Most packages are stored on The Comprehensive R Archive Network, or CRAN. Other repositories exist, such as the Geological Survey R Archive Network, or GRAN. R-Forge, BioConductor, and GitHub also host some R packages. R-Forge and BioConductor can usually be accessed from the R command line just like CRAN. Installing packages from GitHub may require a different procedure. Most R packages are written in the R language itself, so even if you can’t find a way to install a package you can usually just copy and run its source code.

2.9.1 Your R library

When you install R packages, the files are downloaded and stored on your machine for R to access when needed. R will probably create a folder in your R home directory for this purpose. The first time you install a package in R you will be asked if R can create a personal library in which to store the package. Package installations are specific to the version of R that you used for the installation, and specific to your operating system login. This means that if someone else logs in to your machine and wants to use a package, they will have to install the package for themselves. This also means that if you update your R installation to a new version, you may need to install packages again because some packages are version-specific.

2.9.2 Installing packages using the R GUI

In the R GUI, go to Packages – Install package(s)…. You will be prompted to select a CRAN mirror (i.e., server from which to download). Pick any mirror you like. Then, scroll to and select your package. If the install fails, try a different mirror by going to Packages – Set CRAN mirror…, and then retrying the installation.

2.9.3 Installing packages in RStudio

You can install a package in RStudio by going to Tools–Install Packages… and searching for the name of the package you want.

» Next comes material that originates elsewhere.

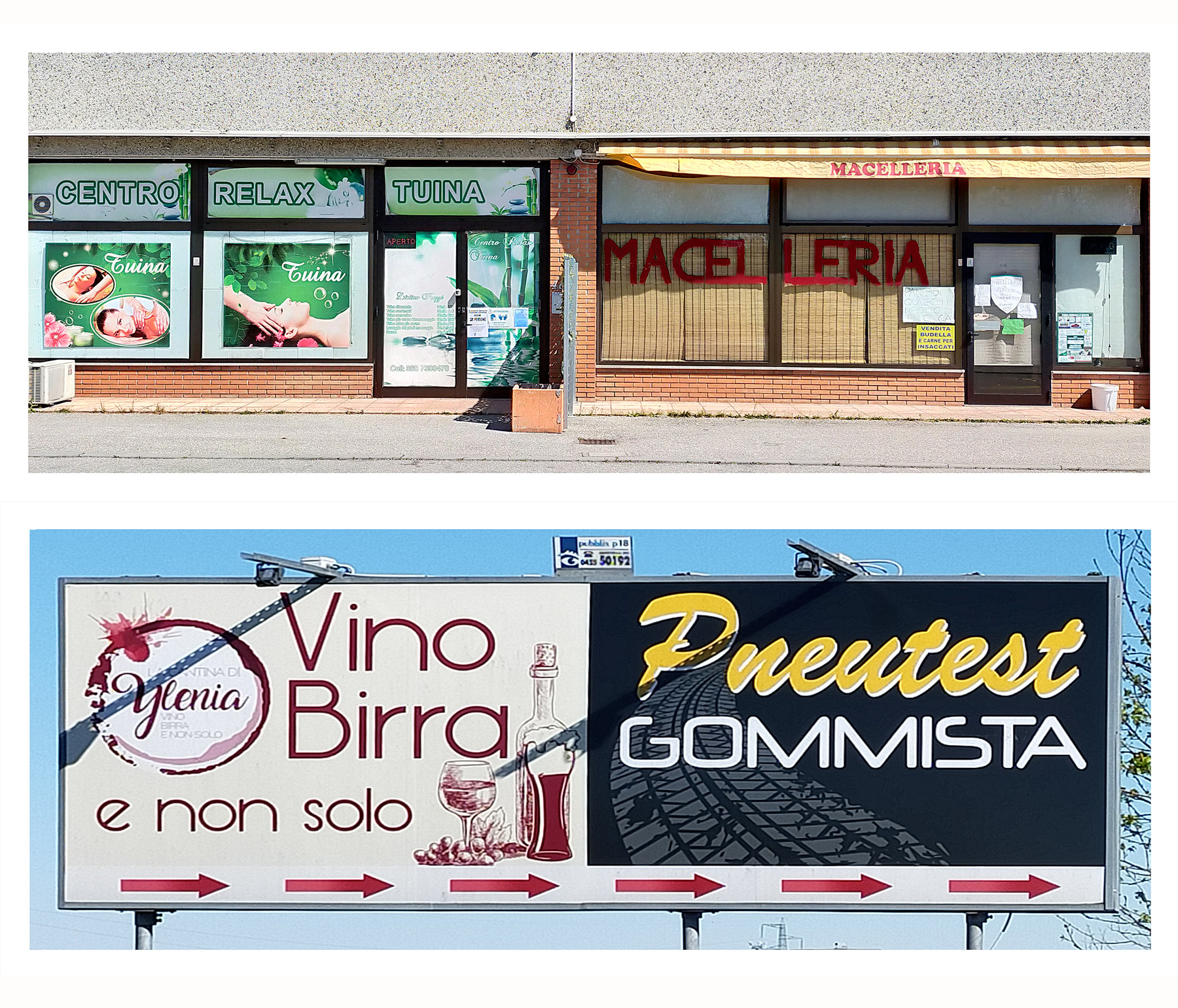 Difficile leggere questi manifesti senza una chiave di lettura dell'Autore, anche per la disposizione, forse maglio affiancati? Ma si riduceva lo spazio a disposizione. Si impiega del tempo per leggere tutte le scritte e per risolvere il rompicapo, non facile.

2.9.4 Installing packages using the R console

In the R console, you can install packages using function install.packages() as shown below. You will still be asked to select your CRAN mirror (most packages are hosted on CRAN).

install.packages("vegan")

2.9.5 Working with packages in R

From R, you can access the packages you have installed by loading them. In most situations you must load a package before you use it. The usual way is to use the library() function. Once a package is loaded, you can use its functions and datasets. The function require() does the same thing as library(), but it is designed for use inside other functions. Most of the time you should use library(). The command below will load the package vegan so its functions and datasets become available:

library(vegan)

Notice that the package name does not have to be in quotation marks within the library() function.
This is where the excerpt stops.